Também tirei proveito de tudo o que aconteceu naquele fatídico ano de 1997. Aprendi que não devemos destratar as pessoas por elas serem diferentes, e senti isso na pele, por isso nunca repeti tamanho erro. Também aprendi a separar pessoas individualmente, sem integrá-las somente num grupo. E aprendi anos mais tarde que as pessoas que me maltratavam sofrem de uma doença chamada bullying, e hoje realmente tento esquecer tudo pelo que passei. Aprendi que crianças podem ser cruéis se quiserem. Aprendi que é nessa fase em que precisamos de uma boa estrutura familiar e social, pois é justamente ai que estamos moldando nosso caráter (tenho dó de certas pessoas daquela época, certamente hoje elas têm um caráter fraco demais para perceberem o quanto estavam erradas). Entendi que temos que ser sempre nós mesmos, independente do meio social em que nos encontramos, porque se formos tentar ser outra pessoa, essa nova personalidade pode não ser bem aceita, e ai você será discriminado por alguém que nem vale a pena, que na verdade nem existe. Só não entendi porque Deus resolveu tirar meu avô de mim justamente quando mais eu precisava dele, e ainda mais no fim daquele ano em que o decepcionei, jogando fora todo o tempo e o dinheiro que ele investiu em mim naquele 1997.

Uma Pequena Leitora

Postado por Gysaaa_ às 08:05 0 comentários

Meu avô sempre me incentivou à leitura, principalmente quando a filha da nossa vizinha, dona Olga, foi morar no pátio com os filhos adotivos.
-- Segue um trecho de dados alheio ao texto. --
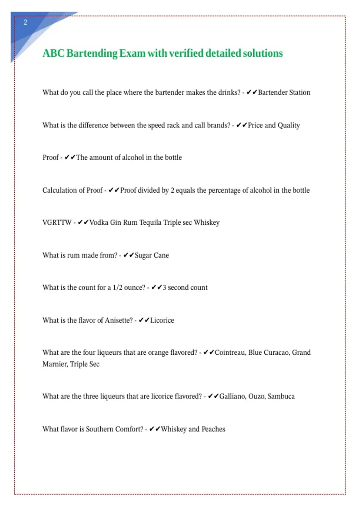 ABC Bartending Exam with verified detailed solutions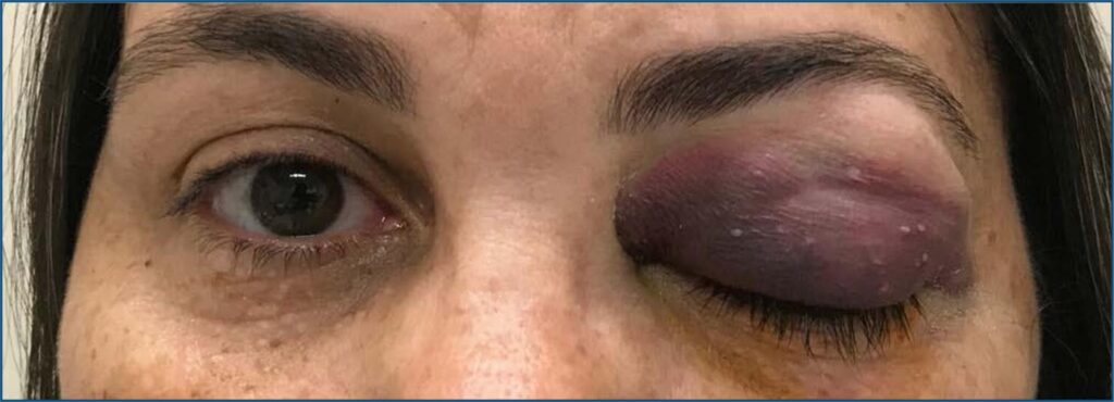 Os diagnósticos diferenciais que compõem as proptoses agudas são, muitas vezes, desafiadores. A anamnese e o exame clínico exigem do oftalmologista atenção especial aos detalhes que permitem diferenciar quadros relativamente benignos e autolimitados de quadros que evoluirão com incapacidades permanentes. Relatamos o caso de uma paciente de 49 anos que, durante viagem de avião, apresentou dor ocular, hematoma periorbitário e proptose do olho esquerdo súbitos. Referia diplopia aguda incapacitante. Exames de tomografia e angiorressonância magnética confirmaram diagnóstico de sinusopatia do seio etmoidal esquerdo e hematoma subperiosteal da órbita esquerda, associado ao barotrauma. Apesar de raro, o diagnóstico de hematoma subperiosteal não traumático deve ser considerado diferencial em relação a proptoses agudas, sendo a anamnese fundamental para essa elucidação diagnóstica.

A casa dos fundos era ao lado da nossa e em pouco tempo eu era frequentadora assídua da casa da Lídia. A filha do meio dela era mais nova que eu, mas adorava brincar com ela. Se chamava Dilca e, assim como os outros dois, era filha adotiva. Ela tinha um monte de brinquedos e uma sala repleta de livros. Sala que hoje é meu sonho ter na minha futura casa.
Toda a semana ela me emprestava dois livros para ler. Eu esperava anciosa terminar aqueles para pegar os próximos, e ainda nem sabia ler direito, estava recém aprendendo com a Rosângela, minha vizinha que tinha feito magistério mas que lecionava só pra mim.
Até hoje aquelas tardes em que ficava lendo os livros da Lídia se refletem em mim. Sou uma leitora assídua, leio de tudo, de Stephenie Meyer a Dostoiévski, e este é o único sentido de minha vida em que sou totalmente satisfeita.